Thursday, August 1, 2013

The Cloud Bubble

There is nothing more irksome than the smugness of some momentum guy who dismisses valuation as irrelevant.

The current hot air craze is with "cloud" companies:

Amazon
LinkedIn
Netsuite
Workday
Salesforce.com
Concur Technologies
Commvault Systems

All these companies have solid topline growth, but there are minimal cashflows relative to their market value. The market is incorporating an awful lot of future unknown growth into present valuations.

For example, Workday (WDAY): $12b cap, $11b EV, 38x P/Sales, 750x TTM cash flow, 15% short interest, TTM sales are $308m, topline growth rate is 61%. The firm hasn't gone FCF positive yet, but is at the inflection point. What size do revenues need to be to justify a $12b market cap in the competitive tech industry?

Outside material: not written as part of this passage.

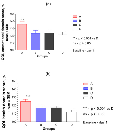 Effects of RR-BC (Group A), BC (Group B), BC500 (Group C), and placebo (Group D) on (a) emotional and (b) physical health domains of quality of life after 12 weeks of treatment, as assessed by the UQOL scale. A significant difference in UQOL (% to baseline, 100%, mean ± SEM) was observed in group A compared to placebo group at the end of the treatment—Day 84, (p < 0.0001), but not between groups B or C vs. placebo; ns: not significant.

I would say a reasonable multiple is 4x-5x sales. 5x sales assumes revenues of $2.4b - that equates to a 50% CAGR rate over the next 5 years. Is that possible? Yes. Is it likely? Probably not (unless they are the next incarnation of Microsoft or Dell...but their addressable markets are much smaller and their competition much greater). Assuming 30% operating margins, then $2.4b in revenues produces $720m in EBITDA. That translates to the current stock price trading at 15.27x 5 yr EV/EBITDA. That is not todays EV/EBITDA multiple. That is 5 years from now, which assumes an awful lot has gone right. And if there is one thing we know from the tech world, 5 years is an eternity to techdom.

The most likely scenario is that these names will continue to trade at high multiples reflecting their leadership positions in high growth areas, but at some point in the future a transition or transposing of sentiment will take place and the tyranny of multiple compression will weigh down future appreciation. They may continue to grow like weeds and they may become obscenely profitable, but they will be paid less and less for those returns. In the case of dotcom leaders (CSCO, EBAY, INTC, MSFT, ORCL, EMC) they grew their earnings substantially but shareholder returns were highly muted by multiple compression.